Di mana pun, peningkatan kualitas sumber daya manusia (SDM) ditentukan oleh kualitas pangan yang dikonsumsi rakyat yang akan menentukan tingkat pertumbuhan fisiknya, termasuk kecerdasannya, di samping pendidikan yang bermutu dan pelayanan kesehatan yang baik.

Makan seadanya

Terlalu lama kita membiarkan bangsa ini makan seadanya. Jika dibandingkan dengan negara-negara lain, kecuali beras, tingkat konsumsi per kapita tiap tahun Indonesia untuk berbagai produk pangan penting masih sangat rendah. Tingkat konsumsi rakyat Indonesia untuk telur 3,48 kg/kapita/tahun, Malaysia 17,62 kg, dan Filipina 4,51 kg. Konsumsi rakyat Indonesia untuk daging 7,1 kg/kapita/tahun, Malaysia 46,87 kg, dan Filipina 24,96 kg.

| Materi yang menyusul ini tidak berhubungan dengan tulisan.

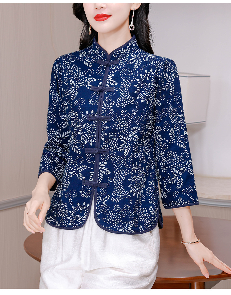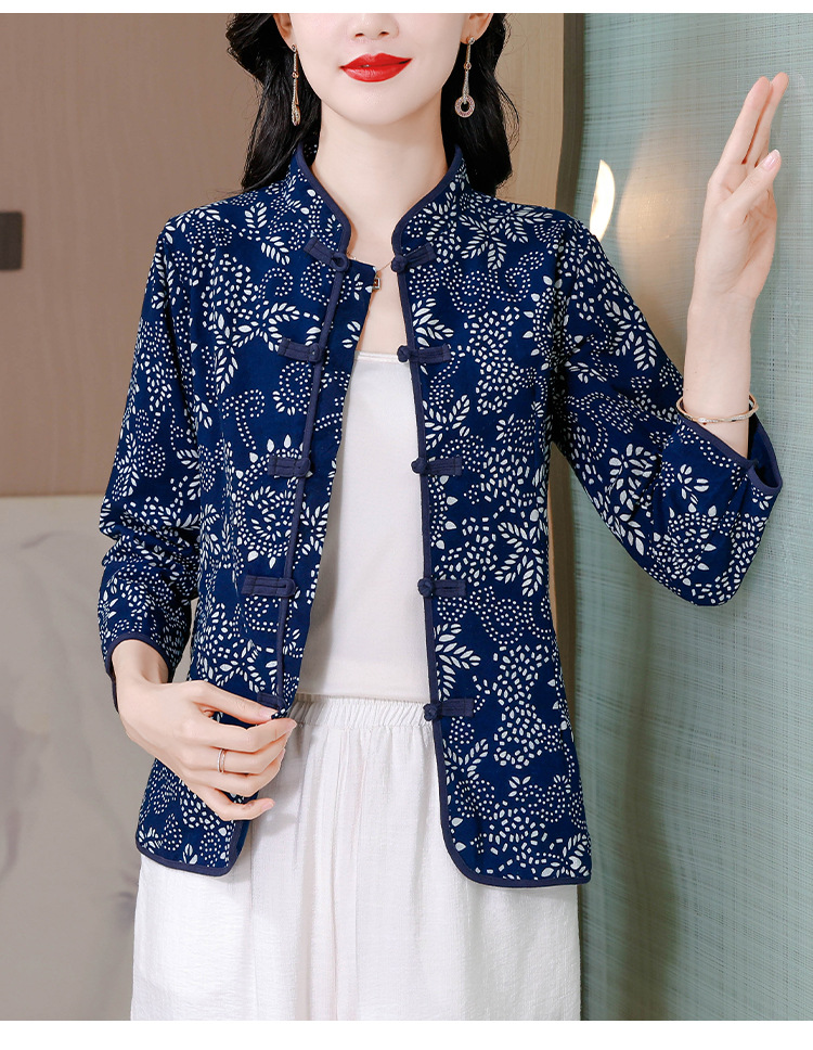 XMZ1067贵夫人新中式改良盘扣上衣女春秋新款妈妈国风立领唐装薄外套大码
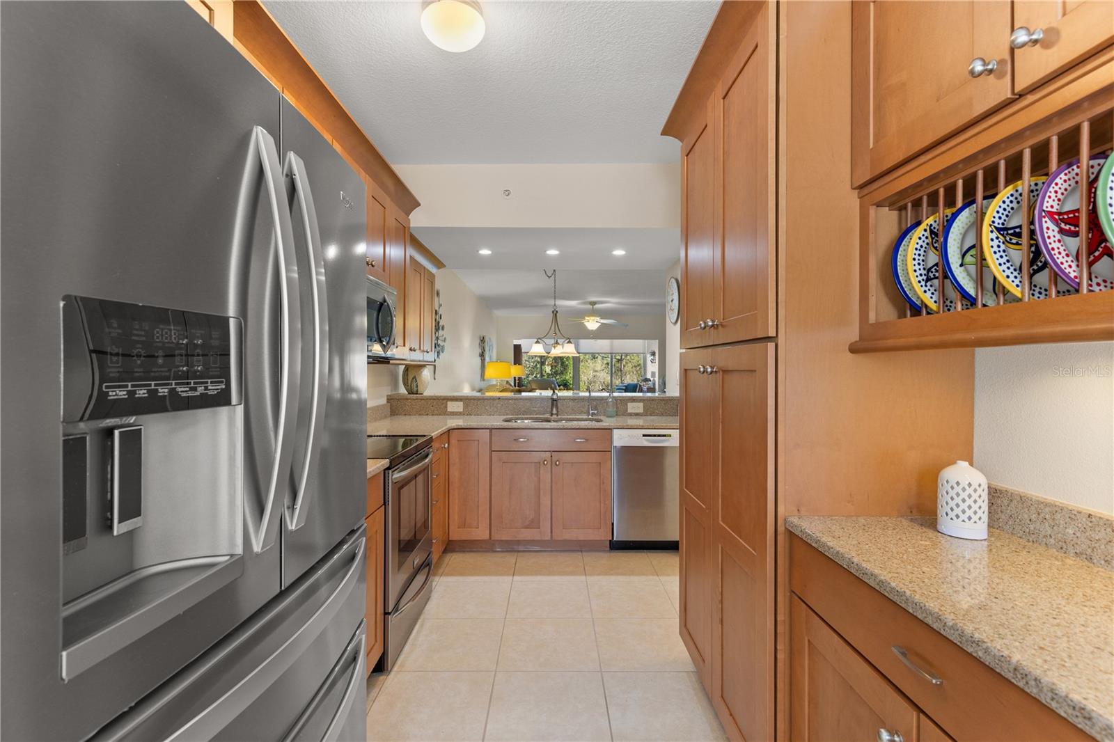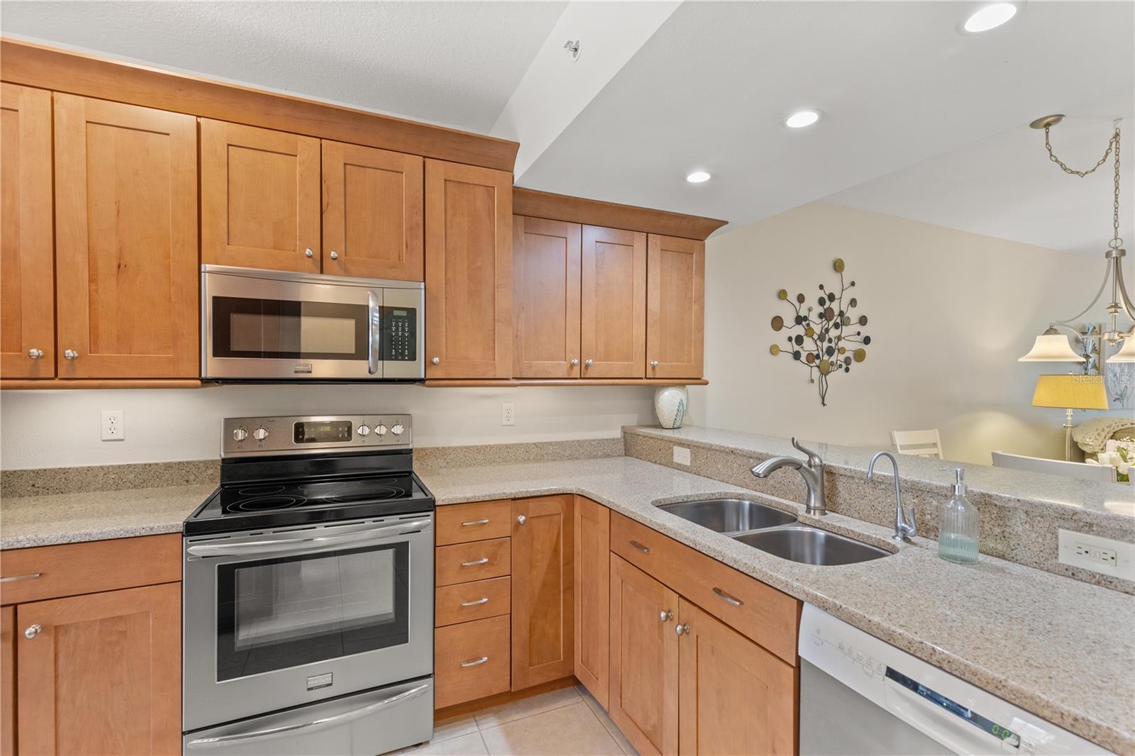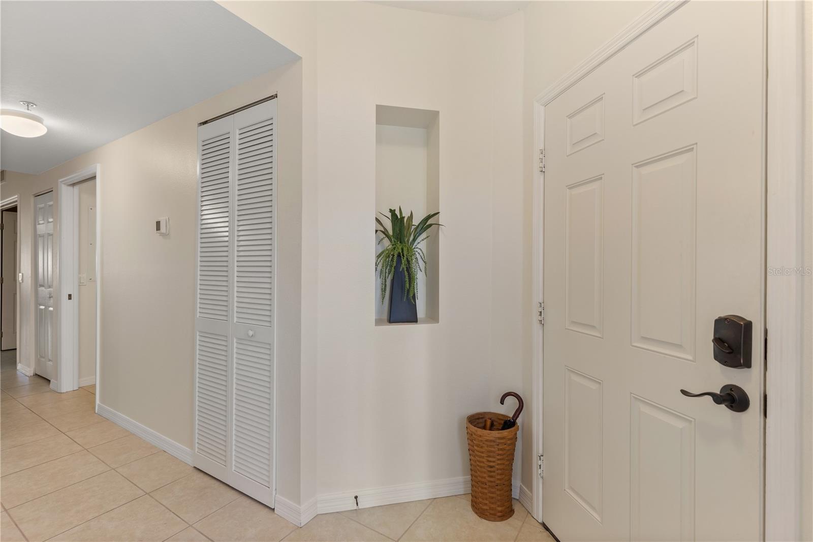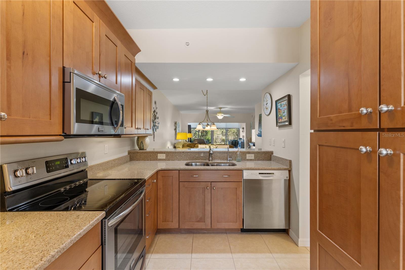 Beautifully Updated Condo in Waterside Village – Move-In Ready! Welcome to this stunning 2-bedroom, 2-bath condo with a den and a Florida room, offering serene pond and preserve views in the highly desirable Waterside Village of Venice, Florida. Thoughtfully renovated and meticulously maintained, this home is truly move-in ready. The updated kitchen features wood cabinets, granite countertops, and stainless steel appliances, along with a built-in pantry for ample storage and a convenient drinking water filter at the sink. The open floor plan with a great room concept creates a bright and airy space—ideal for entertaining. From the Florida room, sliding doors with motorized sunshades frame the beautiful pond view with a preserve as the backdrop. Step out to a sun patio, perfect for relaxing outdoors. The den is a versatile space with a Murphy bed and custom-built desk with storage, making it great for a home office or additional guest accommodations. The sunny ensuite is perfect for visitors, while the luxurious primary suite has been completely renovated to include double sinks, a walk-in shower, a built-in closet organizer, and an in-suite laundry area for ultimate convenience. This condo also includes a single carport and an outside storage unit. A whole-house surge protector has been installed for added security, and the roof was replaced less than two years ago. The condo is conveniently located directly across from the community pool, making it easy to enjoy a swim or relax by the water. Waterside Village offers exceptional amenities, including three pools, a clubhouse, pickleball, tennis, shuffleboard, bocce ball, and a variety of social activities such as a book club, line dancing, and card games. The HOA covers Hotwire TV, internet, water, and sewer, providing a low-maintenance lifestyle. Don't miss this opportunity to own a beautifully updated home in one of Venice’s most sought-after communities! Schedule your private showing today!

Sebagai negara yang 75 persen wilayahnya berupa lautan yang luasnya 5,8 juta km persegi, konsumsi ikan rakyat kita juga masih rendah, baru 26 kg/kapita/tahun, di bawah Malaysia yang 45 kg dan jauh di bawah Jepang yang 70 kg/ kapita/tahun. Konsumsi sayuran bangsa kita 37,94 kg/kapita/tahun, sementara standar FAO 65,75 kg dan tingkat konsumsi susu rakyat Indonesia baru 6,50 liter kapita/tahun, sementara India telah mencapai 40 liter.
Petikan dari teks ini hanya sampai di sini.